DATA PROVIDED Start Marker

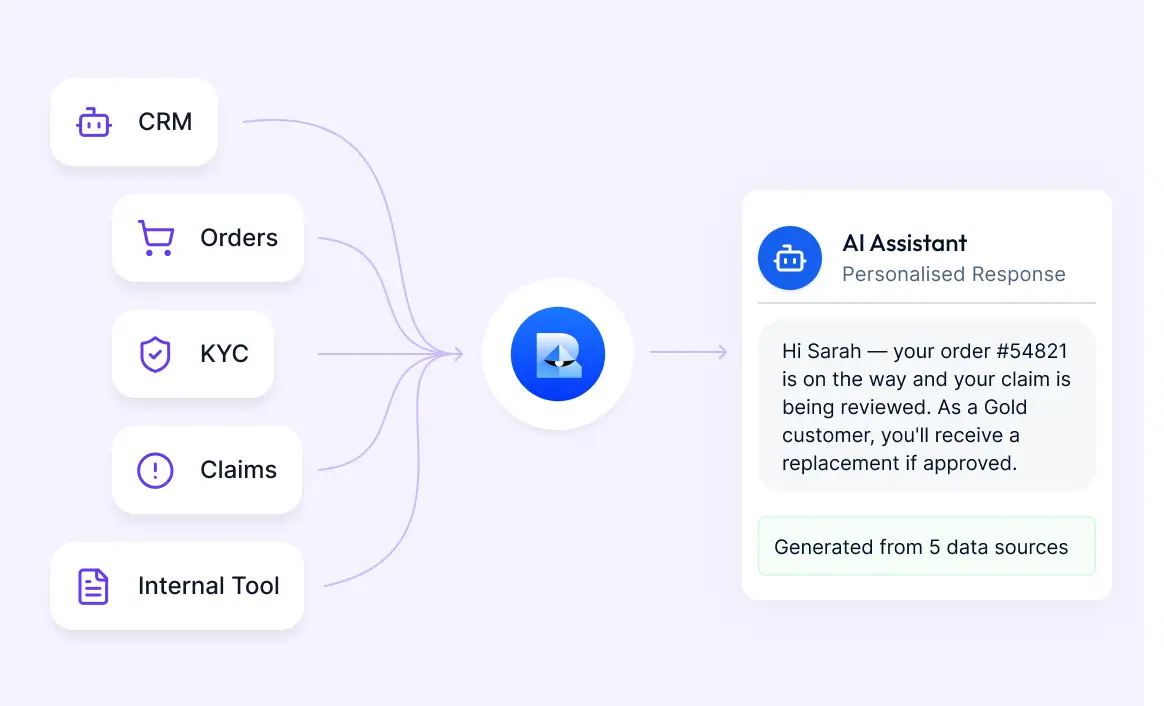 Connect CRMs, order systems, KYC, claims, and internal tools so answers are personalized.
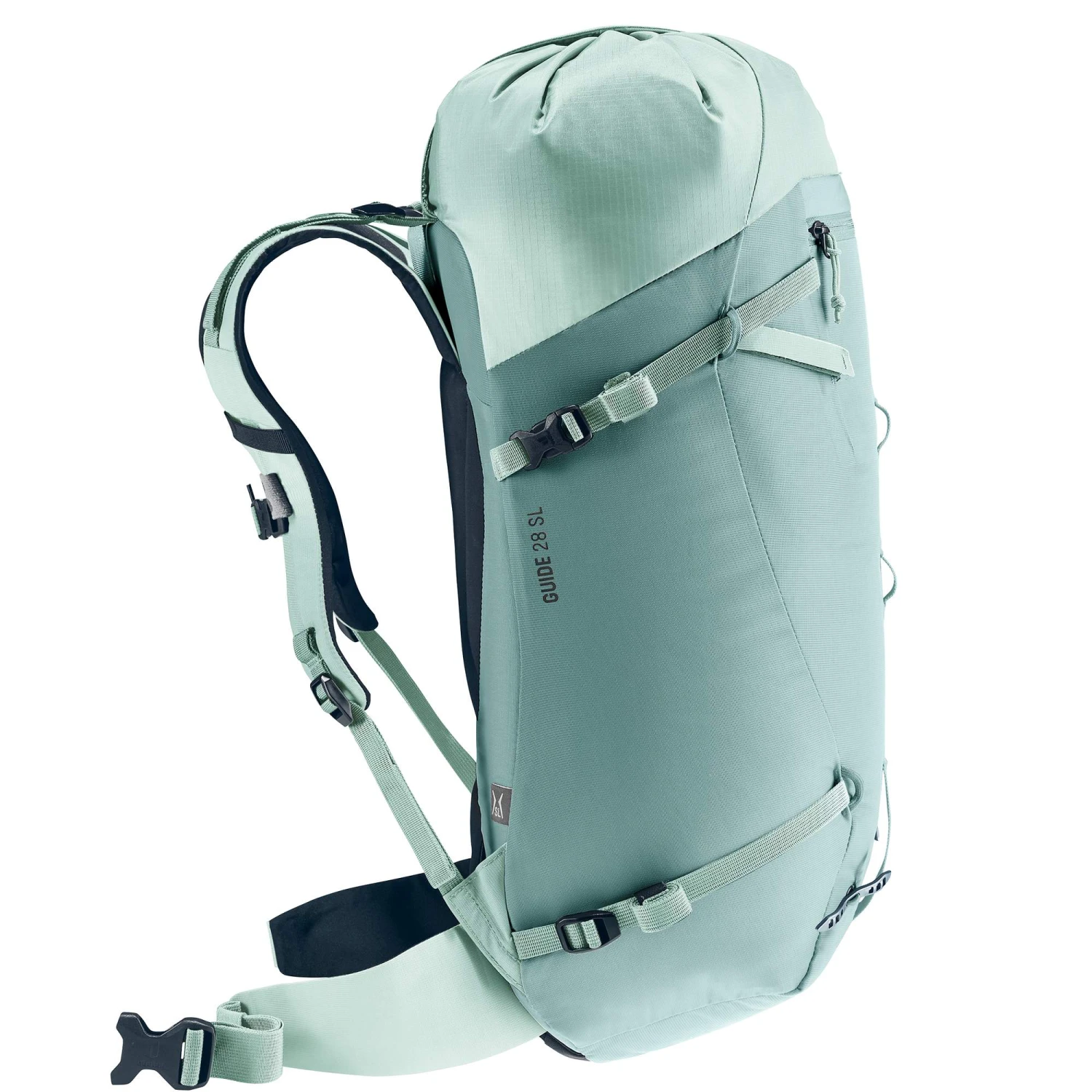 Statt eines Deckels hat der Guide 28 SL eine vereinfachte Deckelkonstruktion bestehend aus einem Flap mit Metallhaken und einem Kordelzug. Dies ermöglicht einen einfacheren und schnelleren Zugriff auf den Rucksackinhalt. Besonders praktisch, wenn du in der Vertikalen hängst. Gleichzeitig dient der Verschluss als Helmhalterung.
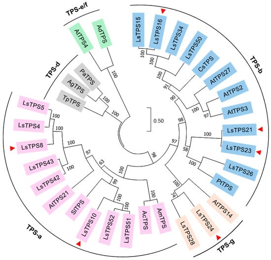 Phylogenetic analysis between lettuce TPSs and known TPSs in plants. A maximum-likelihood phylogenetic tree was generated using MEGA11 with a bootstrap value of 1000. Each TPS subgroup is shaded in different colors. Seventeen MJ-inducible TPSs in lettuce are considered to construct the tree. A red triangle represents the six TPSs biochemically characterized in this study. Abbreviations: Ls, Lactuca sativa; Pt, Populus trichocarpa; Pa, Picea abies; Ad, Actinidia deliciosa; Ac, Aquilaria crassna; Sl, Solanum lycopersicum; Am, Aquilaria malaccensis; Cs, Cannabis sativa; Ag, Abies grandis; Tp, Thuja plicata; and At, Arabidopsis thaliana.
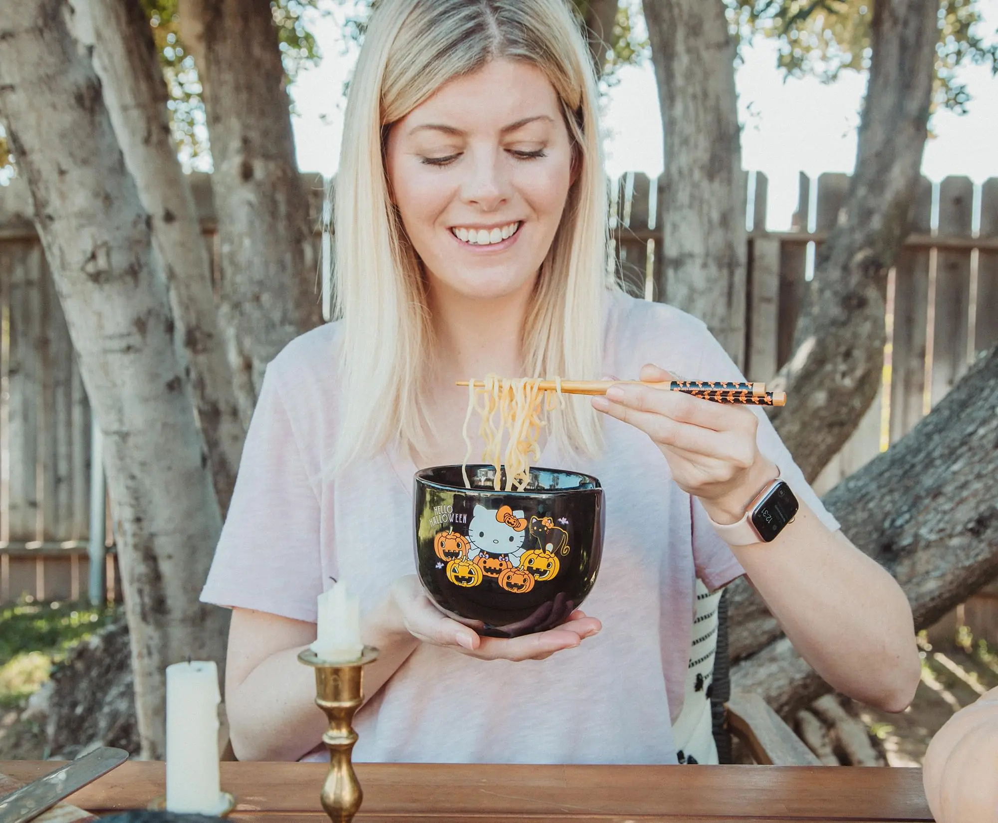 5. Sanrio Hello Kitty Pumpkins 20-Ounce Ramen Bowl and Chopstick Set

DATA PROVIDED End Marker

TASK GOAL: The lines above must be transcribed exactly, with every picture left out.

WRITTEN ANSWER:
 Connect CRMs, order systems, KYC, claims, and internal tools so answers are personalized.
 Statt eines Deckels hat der Guide 28 SL eine vereinfachte Deckelkonstruktion bestehend aus einem Flap mit Metallhaken und einem Kordelzug. Dies ermöglicht einen einfacheren und schnelleren Zugriff auf den Rucksackinhalt. Besonders praktisch, wenn du in der Vertikalen hängst. Gleichzeitig dient der Verschluss als Helmhalterung.
 Phylogenetic analysis between lettuce TPSs and known TPSs in plants. A maximum-likelihood phylogenetic tree was generated using MEGA11 with a bootstrap value of 1000. Each TPS subgroup is shaded in different colors. Seventeen MJ-inducible TPSs in lettuce are considered to construct the tree. A red triangle represents the six TPSs biochemically characterized in this study. Abbreviations: Ls, Lactuca sativa; Pt, Populus trichocarpa; Pa, Picea abies; Ad, Actinidia deliciosa; Ac, Aquilaria crassna; Sl, Solanum lycopersicum; Am, Aquilaria malaccensis; Cs, Cannabis sativa; Ag, Abies grandis; Tp, Thuja plicata; and At, Arabidopsis thaliana.
 5. Sanrio Hello Kitty Pumpkins 20-Ounce Ramen Bowl and Chopstick Set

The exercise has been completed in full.